» **Task description**
Each record should reappear exactly in your answer, minus any picture.

++++ Provided entries ++++

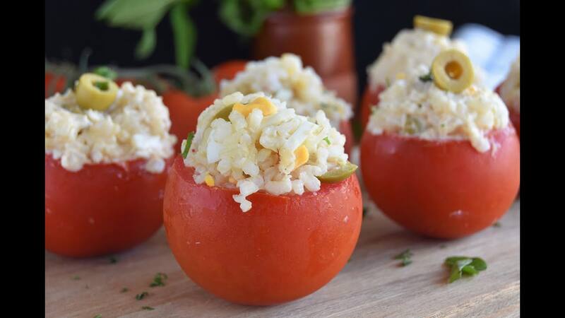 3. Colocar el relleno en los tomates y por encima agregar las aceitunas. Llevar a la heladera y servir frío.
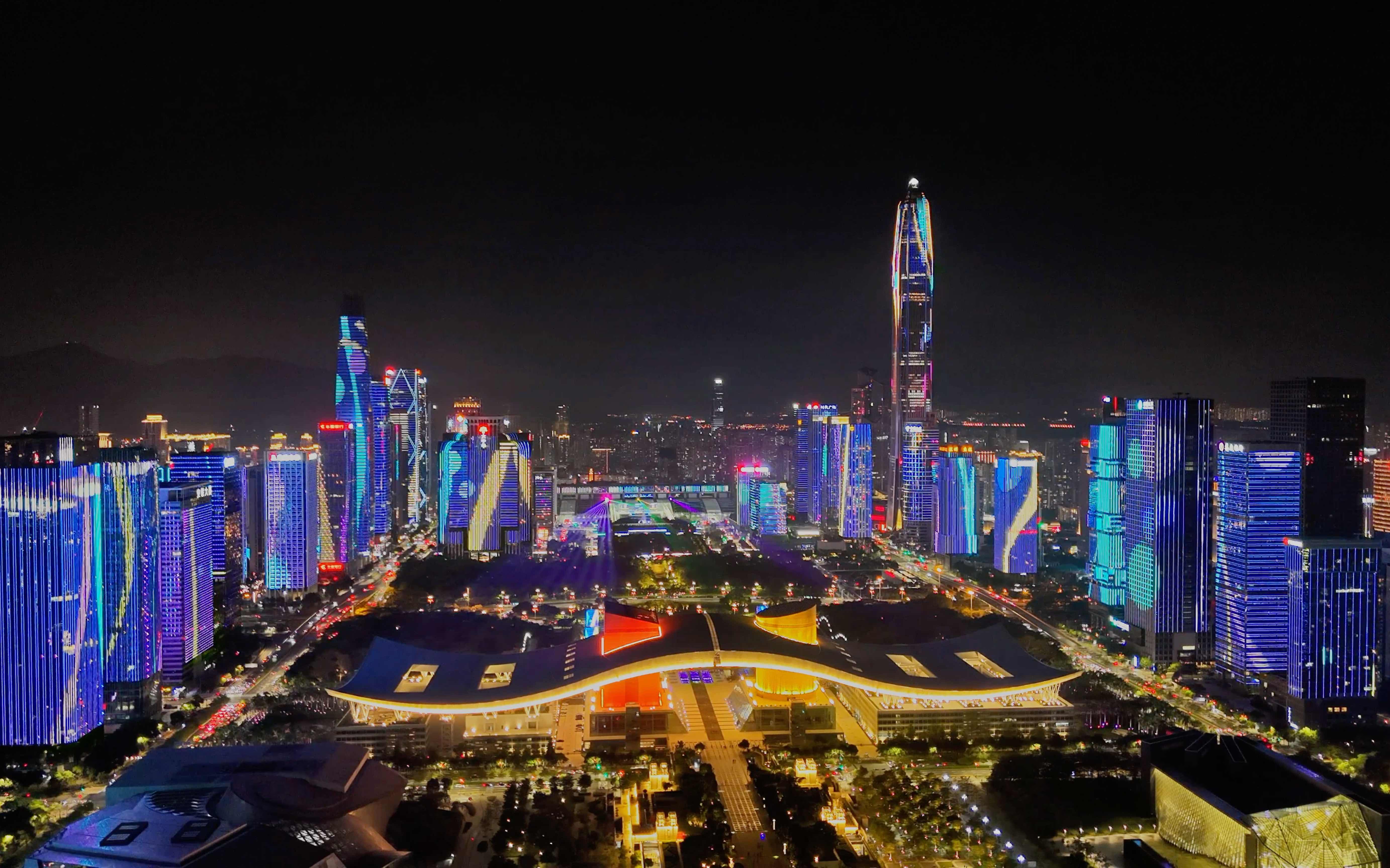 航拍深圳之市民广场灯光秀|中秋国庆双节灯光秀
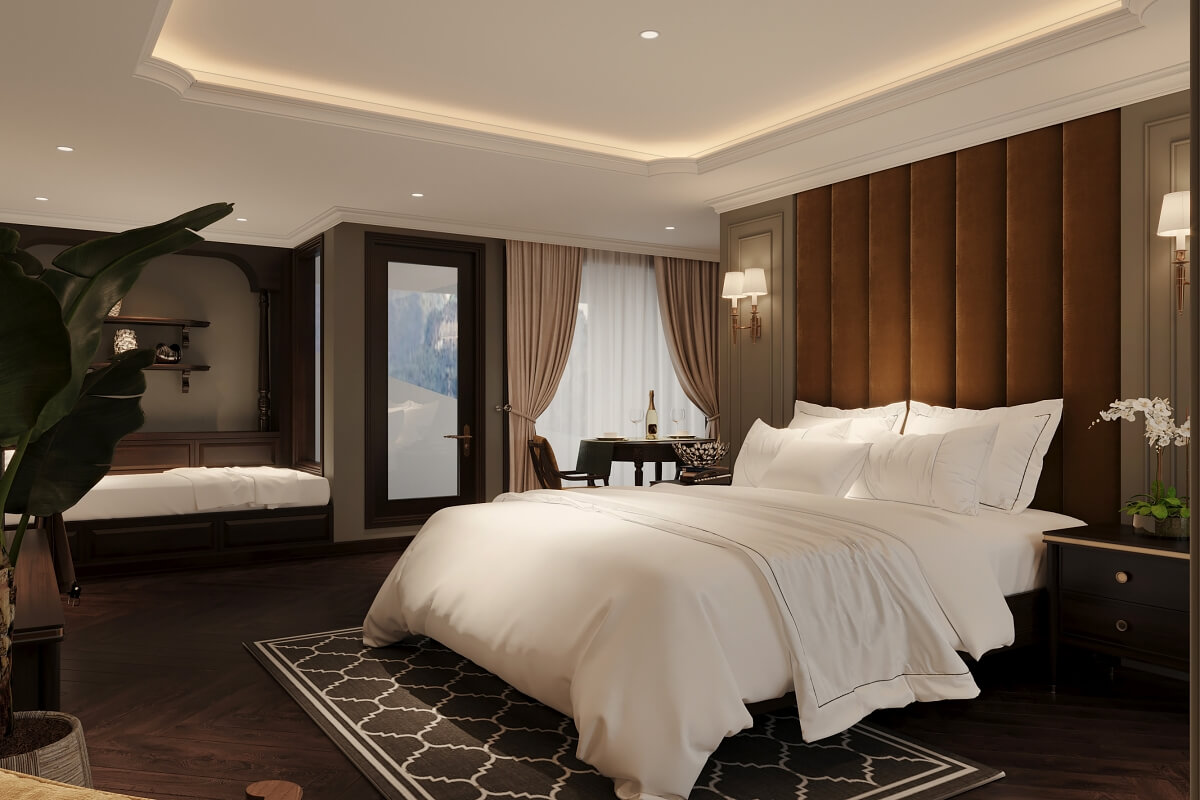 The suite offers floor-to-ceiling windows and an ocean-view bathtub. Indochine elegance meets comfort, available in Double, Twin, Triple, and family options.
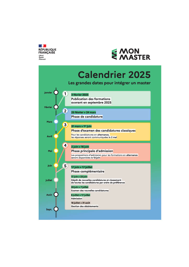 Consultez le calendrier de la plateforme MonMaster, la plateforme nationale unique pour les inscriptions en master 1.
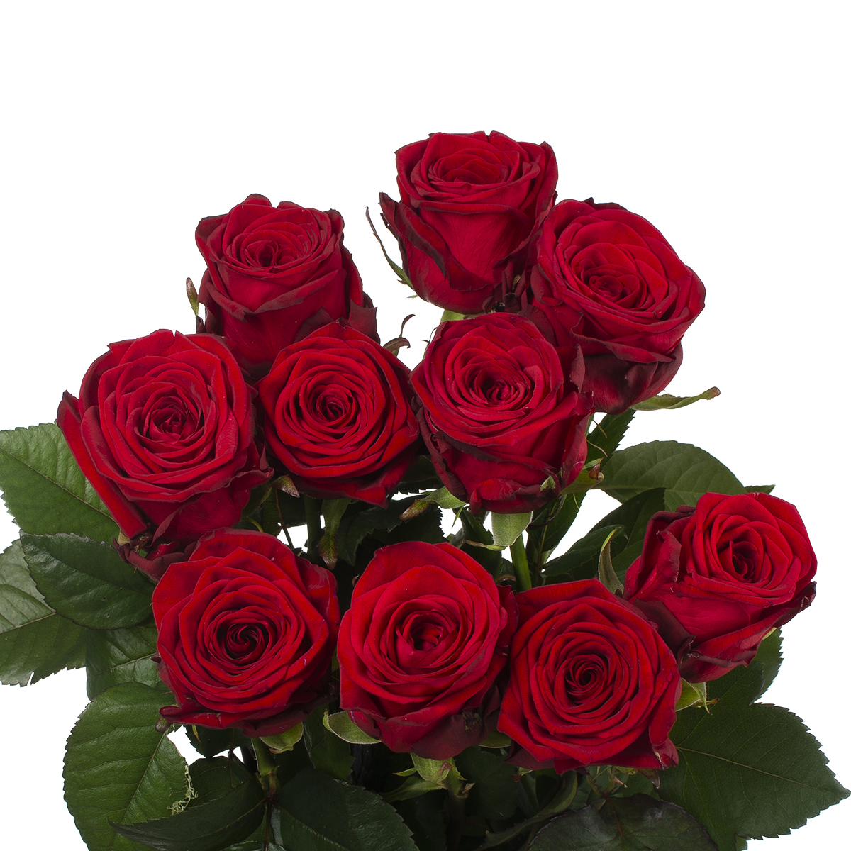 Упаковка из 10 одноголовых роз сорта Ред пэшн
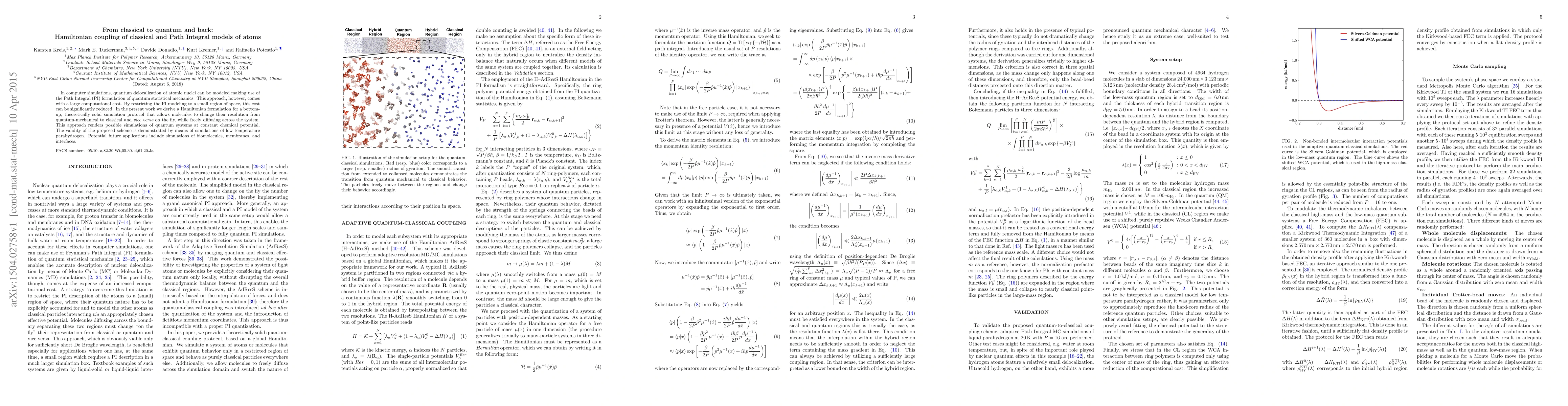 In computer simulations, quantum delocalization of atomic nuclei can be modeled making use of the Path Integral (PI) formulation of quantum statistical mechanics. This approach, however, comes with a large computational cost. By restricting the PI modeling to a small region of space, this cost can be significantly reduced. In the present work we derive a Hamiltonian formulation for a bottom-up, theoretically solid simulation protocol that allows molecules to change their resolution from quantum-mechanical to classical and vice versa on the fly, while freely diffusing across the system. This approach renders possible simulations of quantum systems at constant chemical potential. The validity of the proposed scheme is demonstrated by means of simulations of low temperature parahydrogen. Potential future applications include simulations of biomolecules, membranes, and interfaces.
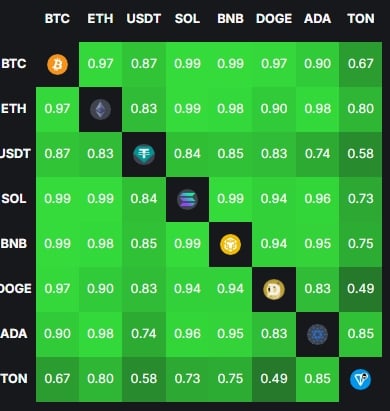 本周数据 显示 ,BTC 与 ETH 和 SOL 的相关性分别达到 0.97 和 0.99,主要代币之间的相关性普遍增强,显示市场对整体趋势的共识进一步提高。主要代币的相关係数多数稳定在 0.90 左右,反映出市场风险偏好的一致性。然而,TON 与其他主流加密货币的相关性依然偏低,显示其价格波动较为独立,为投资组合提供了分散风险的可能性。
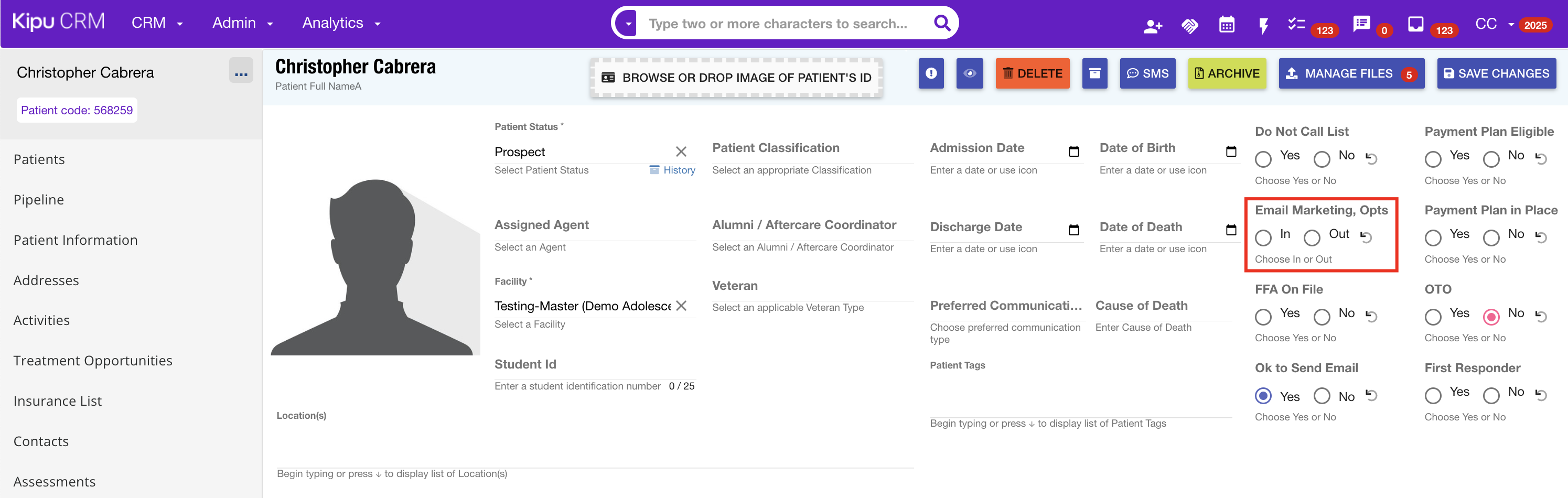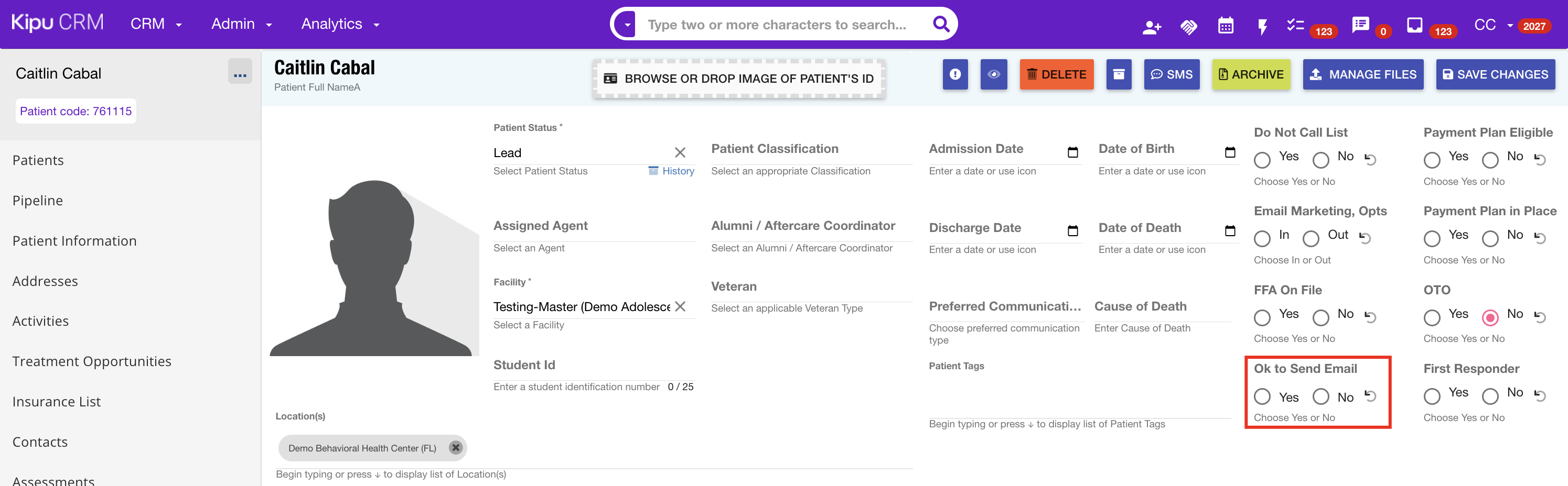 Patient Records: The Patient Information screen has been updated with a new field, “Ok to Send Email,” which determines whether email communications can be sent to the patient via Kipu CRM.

++++

» **Written answer**
 3. Colocar el relleno en los tomates y por encima agregar las aceitunas. Llevar a la heladera y servir frío.
 航拍深圳之市民广场灯光秀|中秋国庆双节灯光秀
 The suite offers floor-to-ceiling windows and an ocean-view bathtub. Indochine elegance meets comfort, available in Double, Twin, Triple, and family options.
 Consultez le calendrier de la plateforme MonMaster, la plateforme nationale unique pour les inscriptions en master 1.
 Упаковка из 10 одноголовых роз сорта Ред пэшн
 In computer simulations, quantum delocalization of atomic nuclei can be modeled making use of the Path Integral (PI) formulation of quantum statistical mechanics. This approach, however, comes with a large computational cost. By restricting the PI modeling to a small region of space, this cost can be significantly reduced. In the present work we derive a Hamiltonian formulation for a bottom-up, theoretically solid simulation protocol that allows molecules to change their resolution from quantum-mechanical to classical and vice versa on the fly, while freely diffusing across the system. This approach renders possible simulations of quantum systems at constant chemical potential. The validity of the proposed scheme is demonstrated by means of simulations of low temperature parahydrogen. Potential future applications include simulations of biomolecules, membranes, and interfaces.
 本周数据 显示 ,BTC 与 ETH 和 SOL 的相关性分别达到 0.97 和 0.99,主要代币之间的相关性普遍增强,显示市场对整体趋势的共识进一步提高。主要代币的相关係数多数稳定在 0.90 左右,反映出市场风险偏好的一致性。然而,TON 与其他主流加密货币的相关性依然偏低,显示其价格波动较为独立,为投资组合提供了分散风险的可能性。
 Patient Records: The Patient Information screen has been updated with a new field, “Ok to Send Email,” which determines whether email communications can be sent to the patient via Kipu CRM.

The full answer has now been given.